Geocoding error depends on measures used to evaluate it, address characteristics and vendor. Vendor selection presents a trade-off between potential for missing data and error in estimating spatially defined attributes. Informed selection is needed to control the trade-off and adjust analyses for its effects.
已发表的关于地理编码准确性的研究通常聚焦于单一地理区域、地址来源或供应商,未针对地址特征调整准确性测量方法,也未研究不准确对暴露测量的影响。我们在一项妇女健康倡议辅助研究(妇女健康倡议中致心律失常的环境流行病学研究)中解决了这些问题。
由四家供应商(A - D)对美国49个州(n = 3615)具有既定坐标的地址进行地理编码。供应商之间在地址匹配率(98%;82%;81%;30%)、既定普查区与供应商指定普查区之间的一致性(85%;88%;87%;98%)以及既定坐标与供应商指定坐标之间的距离(平均rho[米]:1809;748;704;228)方面存在重要差异。
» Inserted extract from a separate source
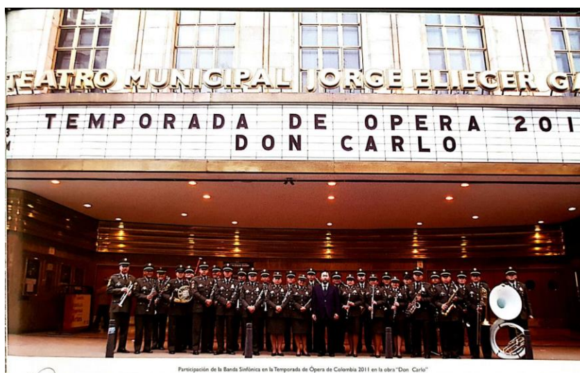
Imagen N° 2. Banda sinfónica Ponal.

平均rho在街道匹配、完整、邮政编码、未编辑且为城市的地址以及具有1983年北美基准或1984年世界大地测量系统坐标的地址中最低。在限制于具有最低可接受匹配率的供应商(A - C)并针对地址特征、地址内相关性以及rho的供应商间异方差进行调整的混合模型中,对于街道类型匹配,平均rho的差异较小(280;268;275),即对于大多数应用而言,依赖它们可能对结果产生大致相同的偏差。相比之下,在某些供应商对比中,质心类型匹配之间的差异很大,但在其他对比中并非如此(5497;4303;4210),p(交互作用)< 10⁻⁴,即在许多应用中更有可能对结果产生不同的偏差。供应商A与C相比,地址匹配的调整后优势比更高(优势比 = 66,95%置信区间:47,93),但B与C相比则不然(OR = 1.1,95% CI:0.9,1.3)。供应商A与C相比,普查区一致性的优势比并不更高(OR = 1.0,95% CI:0.9,1.2)或B与C相比(OR = 1.1,95% CI:0.9,1.3)。与相关暴露测量——到最近高速公路的距离——的错误分类随着平均rho增加,并且在没有混杂因素的情况下,该距离的非差异性错误分类使其与冠心病死亡率的假设关联偏向于零。
地理编码错误取决于用于评估它的测量方法、地址特征和供应商。供应商选择在数据缺失可能性与估计空间定义属性时的误差之间存在权衡。需要明智的选择来控制这种权衡并针对其影响调整分析。